**Records supplied:**
----

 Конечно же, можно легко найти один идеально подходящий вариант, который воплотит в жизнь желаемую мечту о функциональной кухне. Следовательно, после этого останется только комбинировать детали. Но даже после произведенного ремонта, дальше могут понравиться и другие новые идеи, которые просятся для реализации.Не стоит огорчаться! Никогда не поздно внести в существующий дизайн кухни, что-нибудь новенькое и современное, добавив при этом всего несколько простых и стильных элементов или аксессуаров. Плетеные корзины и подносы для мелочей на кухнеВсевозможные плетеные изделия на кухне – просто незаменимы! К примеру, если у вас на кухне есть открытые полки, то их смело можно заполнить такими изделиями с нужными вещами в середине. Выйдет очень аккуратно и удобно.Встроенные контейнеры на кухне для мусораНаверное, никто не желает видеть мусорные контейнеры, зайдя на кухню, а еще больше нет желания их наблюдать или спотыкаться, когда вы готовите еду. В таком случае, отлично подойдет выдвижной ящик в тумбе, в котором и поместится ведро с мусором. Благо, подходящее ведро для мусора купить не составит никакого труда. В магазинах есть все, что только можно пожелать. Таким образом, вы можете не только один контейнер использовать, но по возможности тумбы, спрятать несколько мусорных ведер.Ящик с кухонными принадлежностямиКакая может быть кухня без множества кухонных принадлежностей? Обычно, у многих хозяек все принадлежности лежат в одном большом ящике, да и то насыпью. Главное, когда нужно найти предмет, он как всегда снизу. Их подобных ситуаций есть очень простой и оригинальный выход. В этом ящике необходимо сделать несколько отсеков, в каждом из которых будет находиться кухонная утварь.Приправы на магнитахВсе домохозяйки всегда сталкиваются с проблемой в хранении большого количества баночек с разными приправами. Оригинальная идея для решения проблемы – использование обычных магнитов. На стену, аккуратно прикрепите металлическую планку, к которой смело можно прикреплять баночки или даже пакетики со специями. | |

----

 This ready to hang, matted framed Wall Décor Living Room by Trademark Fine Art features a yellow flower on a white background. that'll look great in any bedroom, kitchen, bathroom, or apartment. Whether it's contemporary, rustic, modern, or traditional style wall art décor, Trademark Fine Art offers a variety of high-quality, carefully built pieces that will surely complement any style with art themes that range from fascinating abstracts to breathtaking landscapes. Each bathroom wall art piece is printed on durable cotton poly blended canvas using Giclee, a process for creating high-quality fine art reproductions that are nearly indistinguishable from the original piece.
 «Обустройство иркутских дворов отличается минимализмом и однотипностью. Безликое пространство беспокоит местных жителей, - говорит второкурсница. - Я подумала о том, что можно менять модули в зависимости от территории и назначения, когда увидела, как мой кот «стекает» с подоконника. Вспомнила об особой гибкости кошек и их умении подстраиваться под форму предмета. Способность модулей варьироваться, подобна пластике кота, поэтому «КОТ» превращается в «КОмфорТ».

----

**Task item:** Starting at the line above that contains "This ready to", write out each line exactly until the line that contains "иркутских дворов отличается" has been written, and stop there.

**Task output:**
 This ready to hang, matted framed Wall Décor Living Room by Trademark Fine Art features a yellow flower on a white background. that'll look great in any bedroom, kitchen, bathroom, or apartment. Whether it's contemporary, rustic, modern, or traditional style wall art décor, Trademark Fine Art offers a variety of high-quality, carefully built pieces that will surely complement any style with art themes that range from fascinating abstracts to breathtaking landscapes. Each bathroom wall art piece is printed on durable cotton poly blended canvas using Giclee, a process for creating high-quality fine art reproductions that are nearly indistinguishable from the original piece.
 «Обустройство иркутских дворов отличается минимализмом и однотипностью. Безликое пространство беспокоит местных жителей, - говорит второкурсница. - Я подумала о том, что можно менять модули в зависимости от территории и назначения, когда увидела, как мой кот «стекает» с подоконника. Вспомнила об особой гибкости кошек и их умении подстраиваться под форму предмета. Способность модулей варьироваться, подобна пластике кота, поэтому «КОТ» превращается в «КОмфорТ».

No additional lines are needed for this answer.